During an interview at a press launch for a new orange-based L’Occitane collection called L’Oranger on Tuesday, Braden outlined U.S. plans for the company, which include expanding its reach to grow L’Occitane’s customer base and profile, store openings and even new retail concepts.

“The focus must be on finding ways to get the product out there and trialed,” Braden said of the brand, which encompasses 11 product ranges and 550 stockkeeping units. Just as important as luring new customers through product trials, he noted, is leveraging the brand’s existing customer loyalty. “We have a 95 percent return rate [of] people who shop and come back within a year,” he said, adding — the brand “is at a level now where people know it and where it comes from [but] we’re at that first step.”

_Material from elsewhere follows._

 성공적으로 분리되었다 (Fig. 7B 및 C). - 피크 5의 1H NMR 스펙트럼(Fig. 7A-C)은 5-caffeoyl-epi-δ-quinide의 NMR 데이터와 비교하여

Taking the next step, he indicated, includes expansion of both company-owned stores and the wholesale business. Braden noted that L’Occitane will operate 108 freestanding stores in the U.S. by yearend and could open as many as 40 more next year. “If I think about where we can be,” he added, referring to opportunities in the U.S. market, “it becomes easy to identify within a state where to go.” He noted that the brand is in more than 300 U.S. wholesale doors.

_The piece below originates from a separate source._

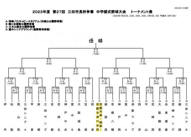 第27回 三田市長杯争奪 中学硬式野球大会 トーナメント表

Braden refused to discuss sales volume, but L’Occitane’s U.S. business reportedly accounts for 40 percent of the worldwide business, which was estimated by sources to be $162.7 million last year. Dollar figures have been converted from the euro at currentexchange and are based on a reported number of 144.8 million euros.“Historically, we’ve been growing at [more than] 50 percent a year,” Braden said of the U.S. business. “Can we continue to do that? Yes, absolutely. The issue is: How do we do it in a controlled way, together, across all channels? We have to be selective, but always provide the customer with an opportunity to use, try and fall in love with the product.” This includes continued development of the brand’s Web and catalog businesses — ideal venues for customers to read about the brand, Braden said.

Expanded reach also means expanded vision within the company’s retail operations. In October, L’Occitane plans to open its first “lifestyle store” in Manhattan’s SoHo district, according to Braden. Blueprints call for a 5,000-square-foot unit at Mercer and Prince Streets to fuse a restaurant, an O & Co. location and a L’Occitane shop. They will all be “interrelated,” said Braden, “a place you can go and pause during the day.” He also spoke of plans to open L’Occitane’s first U.S. spa, pointing out that spa “protocols,” or product ranges, already exist within the full L’Occitane assortment. The company operates spas in Brazil, France and Belgium.